▸ **MATERIAL TO PROCESS**:
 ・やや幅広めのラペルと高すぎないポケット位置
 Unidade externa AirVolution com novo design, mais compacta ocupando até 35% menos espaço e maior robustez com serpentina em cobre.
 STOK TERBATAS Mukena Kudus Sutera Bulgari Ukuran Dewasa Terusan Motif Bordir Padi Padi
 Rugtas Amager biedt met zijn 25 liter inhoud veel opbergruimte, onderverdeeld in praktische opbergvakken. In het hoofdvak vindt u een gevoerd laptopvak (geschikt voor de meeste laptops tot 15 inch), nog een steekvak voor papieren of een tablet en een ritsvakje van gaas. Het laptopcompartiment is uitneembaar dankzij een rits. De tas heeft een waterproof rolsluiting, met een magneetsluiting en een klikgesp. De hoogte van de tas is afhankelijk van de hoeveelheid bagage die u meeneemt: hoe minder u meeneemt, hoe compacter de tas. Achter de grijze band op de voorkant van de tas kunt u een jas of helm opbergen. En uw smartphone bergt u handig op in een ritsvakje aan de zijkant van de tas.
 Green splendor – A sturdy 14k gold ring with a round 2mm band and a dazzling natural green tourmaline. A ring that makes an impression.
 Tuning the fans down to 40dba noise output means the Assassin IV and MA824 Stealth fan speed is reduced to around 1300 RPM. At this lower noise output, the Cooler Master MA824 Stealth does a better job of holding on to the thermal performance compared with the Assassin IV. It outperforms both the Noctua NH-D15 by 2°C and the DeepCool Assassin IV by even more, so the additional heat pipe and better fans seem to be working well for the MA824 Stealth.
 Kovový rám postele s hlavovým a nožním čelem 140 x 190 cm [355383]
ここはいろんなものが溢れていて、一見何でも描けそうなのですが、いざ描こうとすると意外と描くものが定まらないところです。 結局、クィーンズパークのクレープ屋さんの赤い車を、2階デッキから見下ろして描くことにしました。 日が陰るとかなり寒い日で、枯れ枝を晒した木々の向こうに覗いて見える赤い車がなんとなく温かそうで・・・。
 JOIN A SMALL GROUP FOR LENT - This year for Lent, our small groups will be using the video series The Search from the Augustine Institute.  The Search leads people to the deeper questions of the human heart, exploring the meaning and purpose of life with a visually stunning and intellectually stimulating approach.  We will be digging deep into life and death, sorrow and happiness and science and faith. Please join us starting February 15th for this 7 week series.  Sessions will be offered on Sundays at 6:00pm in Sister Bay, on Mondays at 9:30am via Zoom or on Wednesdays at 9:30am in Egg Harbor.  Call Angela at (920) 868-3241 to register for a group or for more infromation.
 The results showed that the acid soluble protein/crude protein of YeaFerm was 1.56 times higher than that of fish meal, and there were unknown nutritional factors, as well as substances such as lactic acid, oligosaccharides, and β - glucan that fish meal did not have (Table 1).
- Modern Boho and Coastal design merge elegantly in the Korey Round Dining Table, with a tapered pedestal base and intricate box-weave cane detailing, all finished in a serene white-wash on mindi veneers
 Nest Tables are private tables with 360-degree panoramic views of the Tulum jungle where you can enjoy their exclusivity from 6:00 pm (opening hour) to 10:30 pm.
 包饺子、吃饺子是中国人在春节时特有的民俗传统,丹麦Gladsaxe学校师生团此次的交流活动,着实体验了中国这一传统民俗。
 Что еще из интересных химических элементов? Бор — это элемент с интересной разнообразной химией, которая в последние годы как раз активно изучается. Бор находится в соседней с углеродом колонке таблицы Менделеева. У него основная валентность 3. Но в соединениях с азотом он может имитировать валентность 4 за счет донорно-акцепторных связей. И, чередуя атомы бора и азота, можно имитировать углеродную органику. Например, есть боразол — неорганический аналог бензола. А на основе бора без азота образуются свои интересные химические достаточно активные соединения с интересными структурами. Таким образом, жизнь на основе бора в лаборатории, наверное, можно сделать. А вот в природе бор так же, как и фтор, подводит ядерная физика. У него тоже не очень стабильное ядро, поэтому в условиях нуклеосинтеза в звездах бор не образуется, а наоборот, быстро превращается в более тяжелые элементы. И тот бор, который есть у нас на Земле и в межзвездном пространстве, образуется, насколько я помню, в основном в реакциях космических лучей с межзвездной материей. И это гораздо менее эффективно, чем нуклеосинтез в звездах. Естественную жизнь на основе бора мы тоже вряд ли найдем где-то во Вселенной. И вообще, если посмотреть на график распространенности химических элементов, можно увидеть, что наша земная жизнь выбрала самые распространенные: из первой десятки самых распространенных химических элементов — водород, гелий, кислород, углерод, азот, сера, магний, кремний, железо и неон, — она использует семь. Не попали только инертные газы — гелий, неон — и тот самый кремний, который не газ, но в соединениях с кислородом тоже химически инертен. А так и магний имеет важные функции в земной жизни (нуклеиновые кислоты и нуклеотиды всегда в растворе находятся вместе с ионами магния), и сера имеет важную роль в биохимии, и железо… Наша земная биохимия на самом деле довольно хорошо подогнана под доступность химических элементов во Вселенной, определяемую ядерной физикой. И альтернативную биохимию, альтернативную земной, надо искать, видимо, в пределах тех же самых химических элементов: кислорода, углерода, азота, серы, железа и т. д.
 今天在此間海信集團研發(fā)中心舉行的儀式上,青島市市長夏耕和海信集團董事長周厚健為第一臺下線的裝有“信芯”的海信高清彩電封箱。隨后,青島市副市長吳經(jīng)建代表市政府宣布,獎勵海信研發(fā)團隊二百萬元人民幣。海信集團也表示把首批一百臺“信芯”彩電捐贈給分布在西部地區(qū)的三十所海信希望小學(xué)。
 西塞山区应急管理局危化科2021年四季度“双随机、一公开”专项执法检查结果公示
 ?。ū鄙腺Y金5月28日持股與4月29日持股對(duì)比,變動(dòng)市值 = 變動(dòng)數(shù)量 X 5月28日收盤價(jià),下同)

▸ **ACTIVITY**:
Indicate how many lines of the material contain the string "that", giving the number and nothing more.

▸ **RESULT OF THIS TASK**:
2